Emotions are riding high, but they come at odd times. Most of the days I am fine with my friends. Maybe I mask it? I don’t know. I break down at odd times, and then feel guilty for breaking down. Nothing’s bad in my life. My husband has a job. My children do not have life-threatening illnesses. We are all healthy, we love one another, we will be taken care of. There is nothing to be afraid of. But still. I get emotional. Sad, scared, not really worried though because I believe that everything will be taken care of, but, well, maybe I do get worried. Worried that the house won’t sell, or worried the kids will get there and they won’t make friends right away, or they’ll be bored.

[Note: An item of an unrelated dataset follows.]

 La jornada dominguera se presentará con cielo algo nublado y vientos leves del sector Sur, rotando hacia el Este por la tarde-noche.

I break when I tell random people we’re moving for no reason at all. Like I’m OK with my friends who I see all of the time, and then I was at Tukey’s basketball game and he’s playing with all his second grade buddies and I’m video-taping and thinking, “This is the last time he will play basketball with these guys," and then I get sad. I’m sad right now writing that. Or I was at the health club and run into my next door neighbor who is great, but we never see him and I ask him if he had a chance to talk to my husband yet, and he gives me the look so I know he knows we’re moving, and then I just start to cry. And it’s not like I even talk to this guy all this much. I mean he’s a great neighbor, but not one I’m going to miss or keep in contact with. And then, a friend’s mom, who I’ve met once, tells me she knows what’s going on and how stressful it is and that she’s been praying for us, and I lose it then. I mean, how awesome is it that this woman, who only knows me because of what my friend tells her, is taking her time to pray for us and what we’re going through? That’s the kind of stuff that makes me cry and feel sad, but it’s also all this kind of stuff that makes you feel loved in the world and not alone too.

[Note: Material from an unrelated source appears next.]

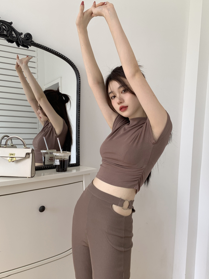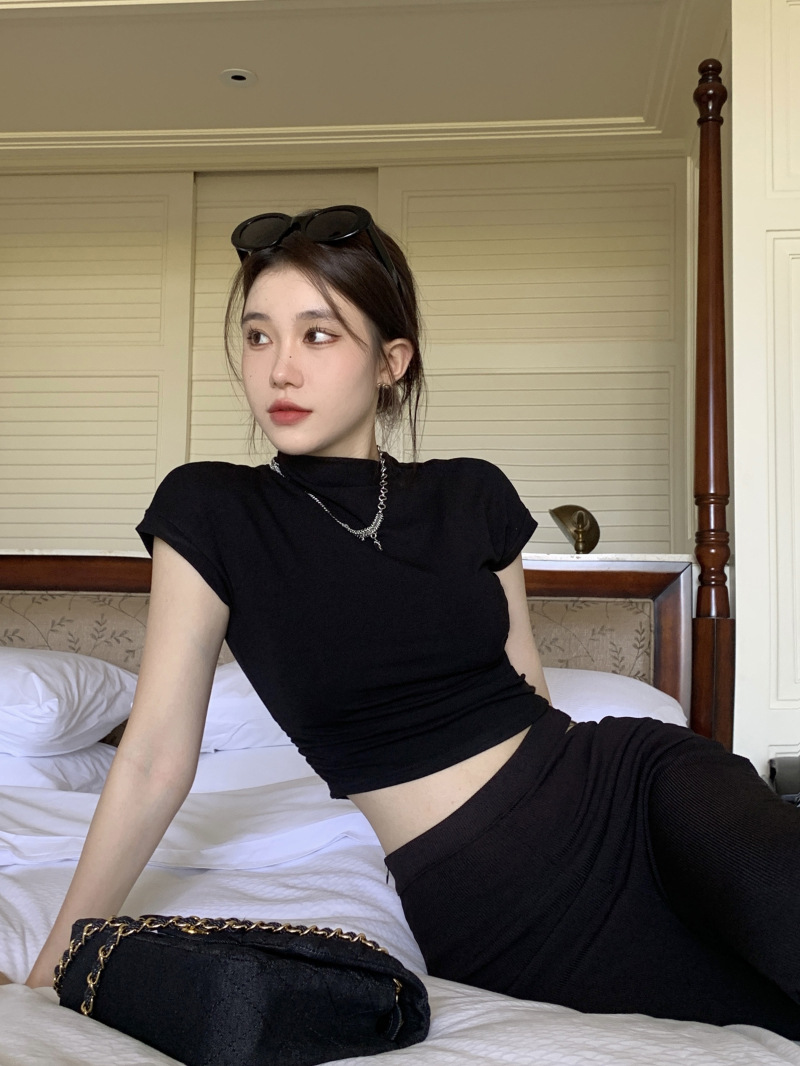 辣妹半高领短袖T恤女夏季设计感修身性感修身内搭上衣打底衫

The instructor at the health club was talking to me the other day and I was explaining about the move and she asked if I’ve moved much. I told her my story:
Florida from birth to 16, then to Illinois.

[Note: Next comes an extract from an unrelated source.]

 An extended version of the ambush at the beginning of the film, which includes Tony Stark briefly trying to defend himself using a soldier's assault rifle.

Illinois to Philly from the ages of 29 to 35.
Philly to Illinois from 35 to now.
Now I will be moving to Phoenix.
The instructor, Donna, said I was creating a spiritual web. I joked that I was a Spiritual Spider. I have no idea why. Whatever. Ajers just came in and totally interrupted my train of thought and the tears. He asked if I was hormonal and emotional about the move. The kids are being great about this. Every time they see me getting teary, they come over to make sure that I’m OK and just are being great. If it weren’t for their excitement over all of this, well, I don’t know.
The realtor has been here. We are changing out our appliances to all stainless steel in the kitchen. The house should be on the market in about two weeks. We’ve been decluttering like maniacs, and I should probably be popping pills like a crack addict but I’m not.
The day the FOR SALE sign gets pounded into the ground though, all bets are off.